Since the guide was first published in 2014, we’ve interviewed a number of experts: mostly professional barbers, but also some product managers and everyday beard wearers. In 2017 we conducted new testing and interviewed a new round of experts, including:
The pros at Razor’s helped us conduct fresh testing, which we compared to our test results from hands-on barbershop tests from 2014.
On a personal note, at least three of the people who have worked on this guide for the past four years have thick beards and have owned dozens of trimmers throughout their adult lives.
There are plenty of ways to shave, trim, or cut your beard. This guide focuses on corded and battery-powered beard trimmers designed to shape, angle, cut, or trim facial hair. If you’re looking for an electric razor, we have a guide for that. If you’re in the market for hair clippers, we have a guide for those, too. If you’re more old school and prefer a manual razor, we’ve got you covered.
Still, there’s a confusing array of devices designed specifically for cutting and trimming beards: those with all-in-one, adjustable guide combs, and those with clip-on guide combs; those with rechargeable batteries, and those with power cords; those with T-shaped blades for shaping and grooming, and those with precision-length combs meant for cutting hair at a uniform length. Each of these styles has its pros and cons. Our intent was to find the trimmers that could handle as many of these tasks as possible, as deftly as possible, and at a reasonable price.
In searching for the best beard trimmers, we looked for devices that delivered the following criteria:
Tough motor. We wanted a tool with enough oomph to cut through the coarsest hair without pulling.
Ground (not stamped) blades. A blade that’s been ground from hard steel has finer, more numerous teeth (and will actually feel sharper on your finger) than one made of stamped steel, which is pressed from a mold, not sharpened as precisely, and not likely to hold its edge as well. As Wahl product manager Jeff Bovee said, “A better trimmer is going to have precision-ground teeth.” We sought a trimmer with a ground blade, which isn’t easy to identify from the packaging or specs. (A blade that’s stamped will often have rounded edges and feel blunt to the touch.)
Tight spacing of cutting teeth. A good indicator of quality is the difference in length between the top and bottom blades. According to Joe Berriola of Razor’s Barbershop in Somerville, Massachusetts, there should be as small a gap as possible between the height of the top blade’s teeth and the height of the bottom teeth. You shouldn’t be able to fit more than a fingernail in that gap. This is by no means a foolproof test, but it does demonstrate more precise, detailed manufacturing. Cheaper trimmers will have thinner blades with fewer teeth that are both shorter and more widely gapped. We slightly preferred T-shaped blades, as they’re more equipped to handle shaping and detailing without compromising on power.
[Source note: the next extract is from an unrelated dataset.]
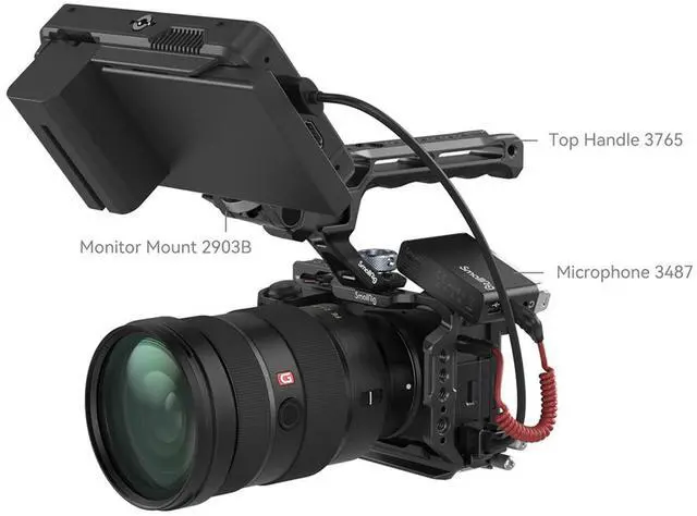 The innovative hinge arm at the battery door is meticulously shaped to fit the camera's curve, providing extra comfort and leaving room for your pinkie. This thoughtful design ensures that you can shoot for extended periods without compromising on ease of use or access to the camera's battery. For those who prioritize connectivity, the HDMI cable clamp is a game-changer. It attaches swiftly to the left side of the cage using a thumb screw, safeguarding the HDMI port from damage and guaranteeing stable signal transmission for flawless video output. The versatility of this cage kit is unmatched, with multiple mounting points to accommodate a wide array of accessories.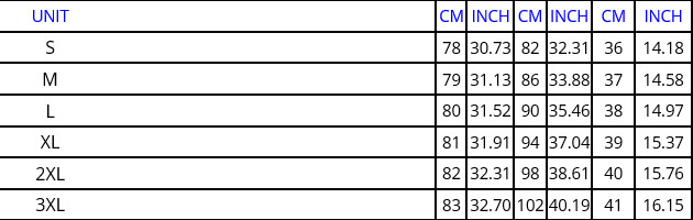 size: S M L XL 2XL 3XL

Slim, robust design: We like trimmers that are slender in shape but also durable enough to last years without breaking if dropped. A slim design offers more visibility in front of a mirror and allows you to better monitor where you’re cutting your beard, but you still want a balance. Clippers and all-in-one hair cutting tools are too bulky for trimming and shaping, but tiny trimmers are often too weak and cheaply built to deliver enough juice to the blade. As Bovee explains, with “a smaller-bodied haircutting device you’re going to get a shorter stroke, but with that shorter stroke you’re going to want to have more teeth.”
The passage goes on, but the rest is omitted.